▶ [TASK OBJECTIVE]: The required output is the run of lines from the one holding "パイシートを1枚伸ばし、棒状に10本くらいに切る。" through the final line of the listing, restated word for word, with no pictures.

▶ [PROVIDED MATERIAL]:
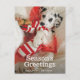 Dalmation puppy with Christmas stocking and holly Holiday Postcard
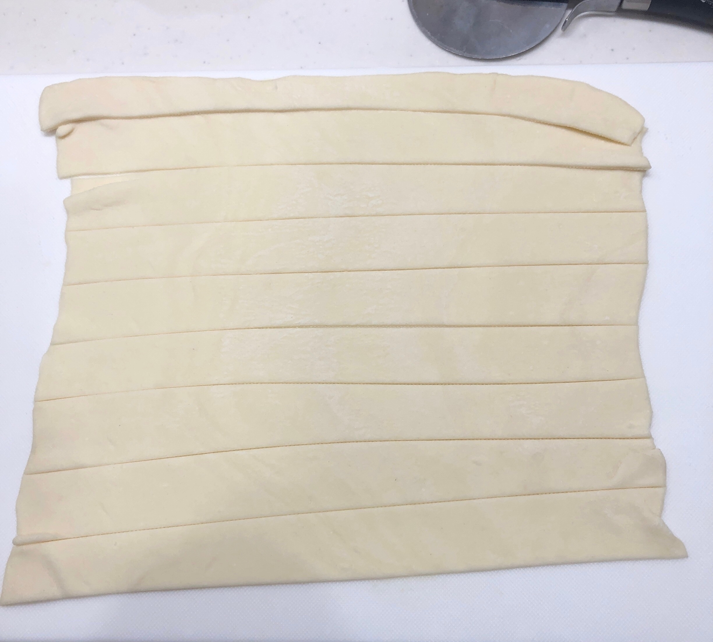 パイシートを1枚伸ばし、棒状に10本くらいに切る。
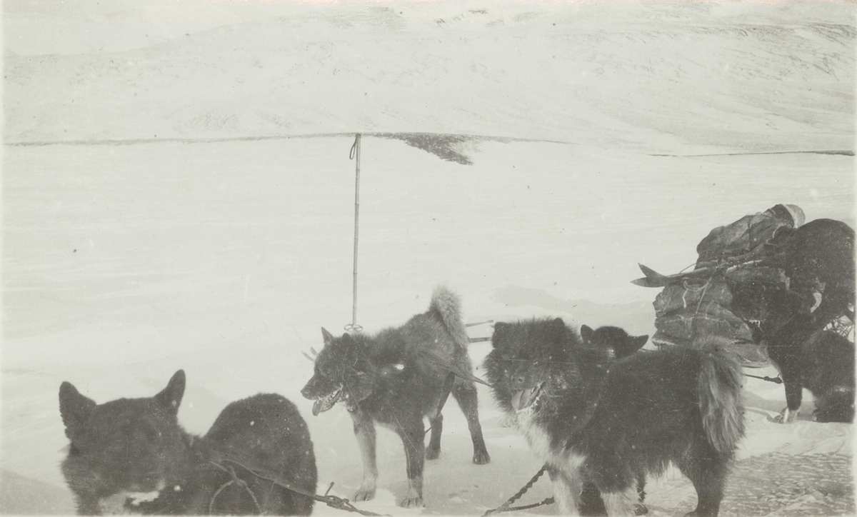 Fotografi från expedition till Spetsbergen. Motiv av hundspann i ett snölandskap.

▶ [OUTPUT BELOW]:
 パイシートを1枚伸ばし、棒状に10本くらいに切る。
 Fotografi från expedition till Spetsbergen. Motiv av hundspann i ett snölandskap.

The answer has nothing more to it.